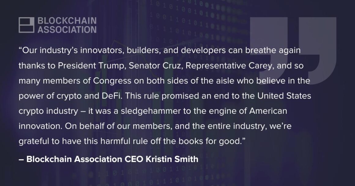 Crypto advocacy group Blockchain Association CEO Kristin Smith said in an April 10 statement the “industry’s innovators, builders, and developers can breathe again,” now the resolution has passed.
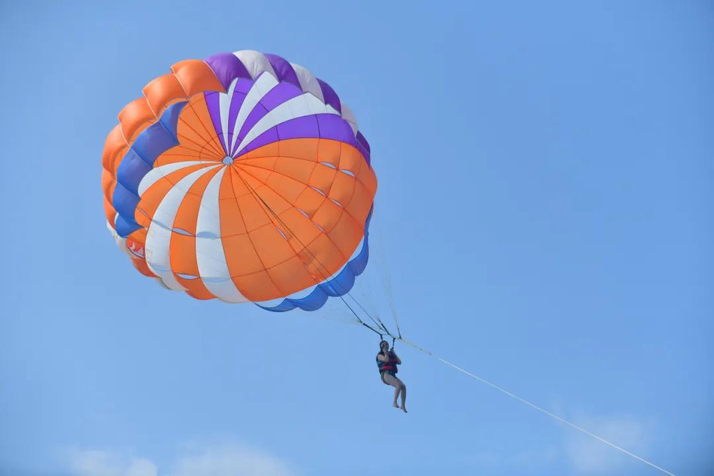 拖曳伞是单人体验,我做好安全措施以后就像风筝一样被放上了天。年轻时无所畏惧,年岁渐长后开始害怕和担忧,我是来来回回犹豫了几次最终在老公的怂恿下报名了拖曳伞,没想到上天的感觉这么好,20-30米的高空上,用平稳安全的上帝视角看到了平日里看不到的美~
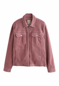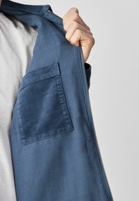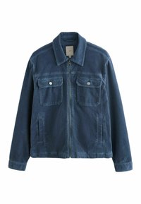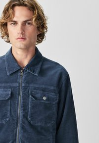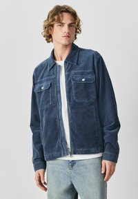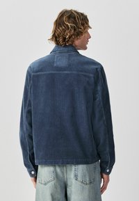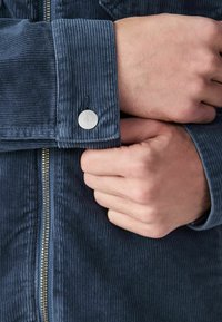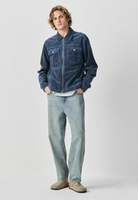 Jeune homme aux cheveux blonds ondulés portant une veste en velours côtelé bleue sur une chemise blanche et un jean bleu clair, debout devant un fond gris uni.
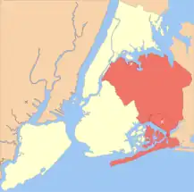 Condado de Queens dentro del Estado de Nueva York, en rojo.

Problem statement:
Word for word, write out the whole listing, keeping none of the pictures.

Response to the exercise:
 Crypto advocacy group Blockchain Association CEO Kristin Smith said in an April 10 statement the “industry’s innovators, builders, and developers can breathe again,” now the resolution has passed.
 拖曳伞是单人体验,我做好安全措施以后就像风筝一样被放上了天。年轻时无所畏惧,年岁渐长后开始害怕和担忧,我是来来回回犹豫了几次最终在老公的怂恿下报名了拖曳伞,没想到上天的感觉这么好,20-30米的高空上,用平稳安全的上帝视角看到了平日里看不到的美~
 Jeune homme aux cheveux blonds ondulés portant une veste en velours côtelé bleue sur une chemise blanche et un jean bleu clair, debout devant un fond gris uni.
 Condado de Queens dentro del Estado de Nueva York, en rojo.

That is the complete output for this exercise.